Danny Murphy’s career has tracked the development of Ellenbrook.
WHEN the first train pulls into the station at Ellenbrook some time in 2024, it will signal more than the end of an inaugural commuter trip from the city centre about 30 kilometres to the south-west.
The longer journey will have been that of LWP Group chairman Danny Murphy and, to a lesser extent, the handful of investors who backed him along the way.
Mr Murphy came to Western Australia from Adelaide in 1992 to join the fledgling project, which was then just a vision driven by the golf fanatic owner of Japanese development firm Sanwa and a state government keen to open Perth’s north-eastern corridor.
Ellenbrook was then, for all intents and purposes, a stranded asset.
At the suggestion of (then) leading WA golfer Graham Marsh, Sanwa had developed neighbouring golf resort The Vines, which was completed by the late 1980s.
Following that project, Sanwa had been left with 600 hectares of undeveloped land cut off from the rest of Perth by Whiteman Park to the south, the Swan Valley to the east, the Gnangara pine plantation to the west, and farmland to the north.
“It was a fifteen-kilometre drive to get a bottle a milk,” Mr Murphy said.
Even in the earliest public prospectus, with affirmation provided by newly minted premier Richard Court, who had been elected in February 1993, a commuter train is pictured proudly on the cover’s photo montage.
It has been a long time coming.
About 10,500 lots have been sold since Mr Murphy’s arrival and during the subsequent 30 years.
A town centre has been developed and 10 schools built, alongside all the other infrastructure required for the young locale.
On the night of the 2021 census, Ellenbrook had 8,901 dwellings and 24,668 residents with an average age six years below the state and national average of 38.
There are just 500 lots left to sell from 11,000 planned.

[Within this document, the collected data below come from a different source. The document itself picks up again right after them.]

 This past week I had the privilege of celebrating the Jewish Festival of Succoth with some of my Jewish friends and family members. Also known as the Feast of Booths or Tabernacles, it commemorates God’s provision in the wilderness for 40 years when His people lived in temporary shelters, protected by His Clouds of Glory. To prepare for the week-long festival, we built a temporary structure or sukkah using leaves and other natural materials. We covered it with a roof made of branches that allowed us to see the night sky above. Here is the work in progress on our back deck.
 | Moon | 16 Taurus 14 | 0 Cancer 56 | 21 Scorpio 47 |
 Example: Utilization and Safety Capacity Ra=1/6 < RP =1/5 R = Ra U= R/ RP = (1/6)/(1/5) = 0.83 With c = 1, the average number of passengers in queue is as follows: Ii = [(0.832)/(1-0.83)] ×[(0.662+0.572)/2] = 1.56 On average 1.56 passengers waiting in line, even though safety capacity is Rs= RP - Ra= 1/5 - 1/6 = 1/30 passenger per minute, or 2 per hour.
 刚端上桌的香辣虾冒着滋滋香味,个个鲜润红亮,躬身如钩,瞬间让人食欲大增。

Mr Murphy expects them to all be gone over the next two to three years.
“We will sell our last lot the day the train arrives,” Mr Murphy told Business News.

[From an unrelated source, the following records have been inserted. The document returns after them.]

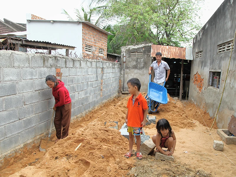 Sáng hôm qua tốt ngày, 21-7, vợ chồng chị Lam cùng thợ khởi công đào móng để xây kiềng nhà. Căn nhà được xây từ tiền tài trợ của công chứng viên Nguyễn Quang Vinh, Trưởng Văn phòng công chứng Bến Nghé.
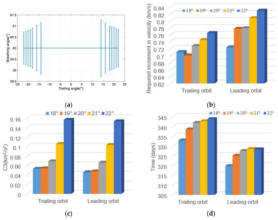 The effect of the initial trailing angle on the transfer orbit (the initial time of transfer is 1 April 2027). (a) The effect of the initial trailing angle on breathing angle; (b) the effect of the initial trailing angle on velocity increment; (c) the effect of the initial trailing angle on C3; (d) the effect of the initial trailing angle on transfer time.
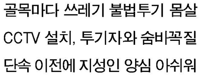 이 같은 문제가 계속되자 해당 구청에선 CCTV를 설치했지만 무용지물이었고 오히려 야음을 틈타 쓰레기를 투기하고 사라지는 경우가 빈번해졌다. 설사 CCTV에 적발되더라도 투기한 사람을 찾긴 쉽지 않다. 원룸에서 자취를 하고 있는 대학생 구 모(26) 씨는 “지난 연말 무심코 이름이 적힌 수업자료를 버렸다가 적발돼 학교에 구청 관계자가 찾아와 과태료를 냈다”며 “창피하기도 하고 이건 아니다 싶어 지금은 올바르게 버리려고 노력하는 편이다”고 말했다.
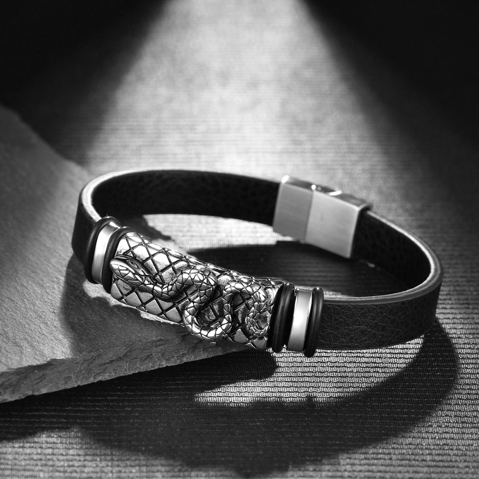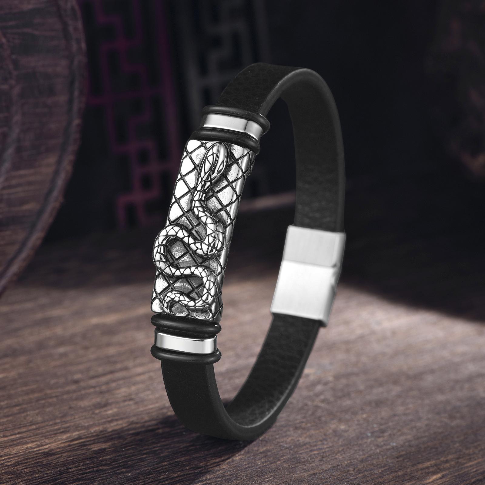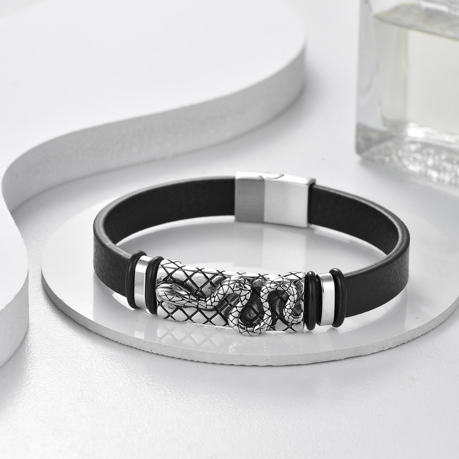 Compra Joyería Transfronteriza Más Vendida Pulsera de Cuero Simple Retro Europea y Americana Accesorios de Moda con Patrón de Serpiente de Acero Inoxidable Pulsera para Pareja para Hombre al por mayor en Joom.pro

It is a sore point, although he does not gripe about it, preferring to acknowledge the current state government and its commitment to the Metronet public transport infrastructure, which is expected to deliver the completed railway within the next two years.

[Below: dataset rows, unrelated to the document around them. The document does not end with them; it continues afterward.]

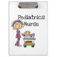 Uma grande prancheta para as enfermeiras pediatras que amam figuras, características uma figura fêmea enfermeira da vara com um bebê e texto da vara que lê a enfermeira da pediatria!
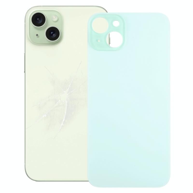 For iPhone 15 Plus Easy Replacement Big Camera Hole Glass Back Battery Cover(Green)
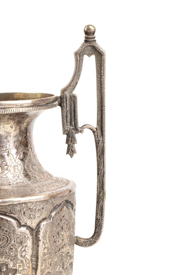 Altezza x larghezza x profondità: 26x10x13 cm. Peso complessivo: 487 gr. a forma di anfora biansata, su piede circolare; l’intera superficie riccamente sbalzata e cesellagta. Il repertorio decorativo include intricati arabeschi intrecciati, elementi floreali stilizzati e figure animali.
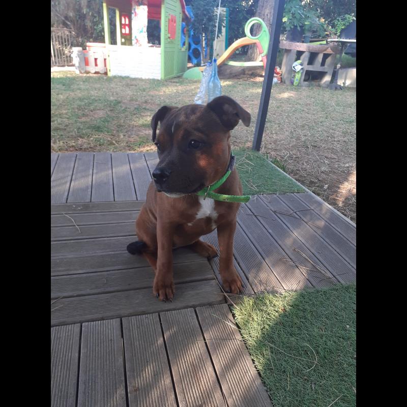 A 3 año(s), 7 mes(es) y 1 día(s), Taya, Staffordshire Bull Terrier hembra , pesado 13.5 kg.
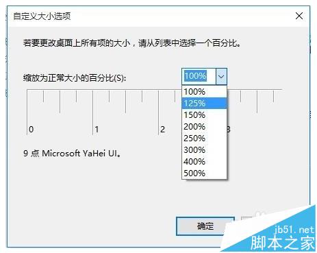 6、在打开的“自定义大小选项”窗口中,选择“缩放为正常大小的百分比”一项为100%,最后点击确定按钮

Here, Mr Murphy credits Transport and Planning Minster Rita Saffioti for her role in pushing for the infrastructure.
As it happens, Ms Saffioti’s West Swan electorate includes the southern third of Ellenbrook, a change that took place prior to the last election due to a redistribution.
Before that, a railway to Ellenbrook was the subject of many election promises, and retractions.
Former Labor premier Alan Carpenter pitched it at the 2008 state campaign, only to be matched by his opponent Colin Barnett, the ultimate winner.
The victorious Liberal government led by Mr Barnett instead opted for a rapid transit bus option before losing to Labor in 2017.
Labor campaigned on the train link as part of its Metronet rail infrastructure policy.
Ownership
The most perplexing thing about governments’ reluctance to commit to Ellenbrook in terms of transport infrastructure is that the state owned half the project and considered it the key to unlocking Perth’s north-east.
The original vision was a joint venture between Sanwa and state government agency Homeswest, an earlier iteration of the state’s Housing Authority.
Each owned half of the 1,200ha project.
In the Ellenbrook prospectus, Mr Court described the development as fulfilling a strategic need and taking a leadership position in urban development in Australia.
To highlight this early example of a public-private partnership in WA, the state government pushed through the rezoning of the land in late 1993, despite protestations of people who lived in the vicinity of the new town and enjoyed their bush blocks in relative proximity to Perth’s central business district.
Mr Murphy recalls how black-robed anti-development activists marched on parliament to voice their opposition to the project.
However, he said their protests ceased once the rezoning had taken place. Not everything changed in the area straight away, though.
John Roberts, the founder and then head of construction giant Multiplex, had a significant landholding in the area, including the Egerton Stud, which he used as a rural escape.
He declined to be part of the consortium, but some of his holdings later became part of Stockland’s neighbouring Aveley project immediately to the south of Ellenbrook.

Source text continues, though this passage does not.